> **PROBLEM REQUIREMENTS**
Starting at the line with "သာစည်မြို့နယ်၌ ငွေကျပ် ၁၀" and going on through the line with "မူးယစ်ဆေးဝါးဖမ်းဆီးမှုများအား အလေးထားဆောင်ရွက် လျက်ရှိရာ", reproduce each line in the records below exactly and nothing more.

> **RECORD SET**

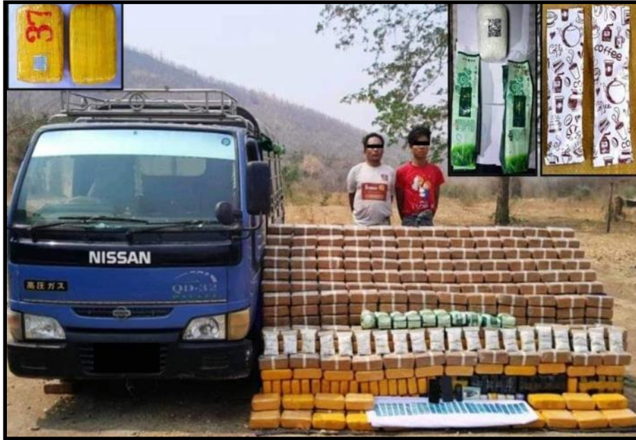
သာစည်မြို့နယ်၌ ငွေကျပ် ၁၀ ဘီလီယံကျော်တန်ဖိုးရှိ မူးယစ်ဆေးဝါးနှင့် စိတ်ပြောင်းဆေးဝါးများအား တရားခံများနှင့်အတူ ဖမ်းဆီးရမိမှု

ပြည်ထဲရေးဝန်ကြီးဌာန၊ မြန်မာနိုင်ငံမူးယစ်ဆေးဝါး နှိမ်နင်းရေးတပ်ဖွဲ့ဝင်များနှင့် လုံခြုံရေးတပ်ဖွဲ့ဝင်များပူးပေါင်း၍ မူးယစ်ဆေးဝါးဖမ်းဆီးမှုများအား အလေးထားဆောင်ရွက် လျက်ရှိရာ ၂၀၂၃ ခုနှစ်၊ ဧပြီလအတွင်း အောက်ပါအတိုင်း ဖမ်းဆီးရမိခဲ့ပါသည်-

==

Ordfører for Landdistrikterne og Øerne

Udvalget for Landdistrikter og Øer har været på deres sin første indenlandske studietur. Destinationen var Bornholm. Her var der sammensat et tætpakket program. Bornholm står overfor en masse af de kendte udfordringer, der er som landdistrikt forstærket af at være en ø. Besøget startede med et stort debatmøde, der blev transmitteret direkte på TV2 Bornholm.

* * *

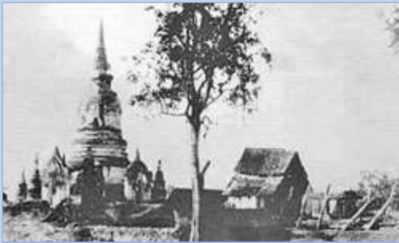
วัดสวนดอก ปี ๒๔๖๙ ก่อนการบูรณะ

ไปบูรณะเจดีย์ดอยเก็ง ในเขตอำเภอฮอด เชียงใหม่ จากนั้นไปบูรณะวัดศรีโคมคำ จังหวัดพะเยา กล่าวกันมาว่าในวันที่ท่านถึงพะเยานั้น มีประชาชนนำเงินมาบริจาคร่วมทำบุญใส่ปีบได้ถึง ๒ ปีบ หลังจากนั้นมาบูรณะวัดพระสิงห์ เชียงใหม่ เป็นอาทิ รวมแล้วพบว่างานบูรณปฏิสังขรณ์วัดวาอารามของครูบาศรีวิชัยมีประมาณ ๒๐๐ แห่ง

> **EXPECTED OUTPUT**
သာစည်မြို့နယ်၌ ငွေကျပ် ၁၀ ဘီလီယံကျော်တန်ဖိုးရှိ မူးယစ်ဆေးဝါးနှင့် စိတ်ပြောင်းဆေးဝါးများအား တရားခံများနှင့်အတူ ဖမ်းဆီးရမိမှု

ပြည်ထဲရေးဝန်ကြီးဌာန၊ မြန်မာနိုင်ငံမူးယစ်ဆေးဝါး နှိမ်နင်းရေးတပ်ဖွဲ့ဝင်များနှင့် လုံခြုံရေးတပ်ဖွဲ့ဝင်များပူးပေါင်း၍ မူးယစ်ဆေးဝါးဖမ်းဆီးမှုများအား အလေးထားဆောင်ရွက် လျက်ရှိရာ ၂၀၂၃ ခုနှစ်၊ ဧပြီလအတွင်း အောက်ပါအတိုင်း ဖမ်းဆီးရမိခဲ့ပါသည်-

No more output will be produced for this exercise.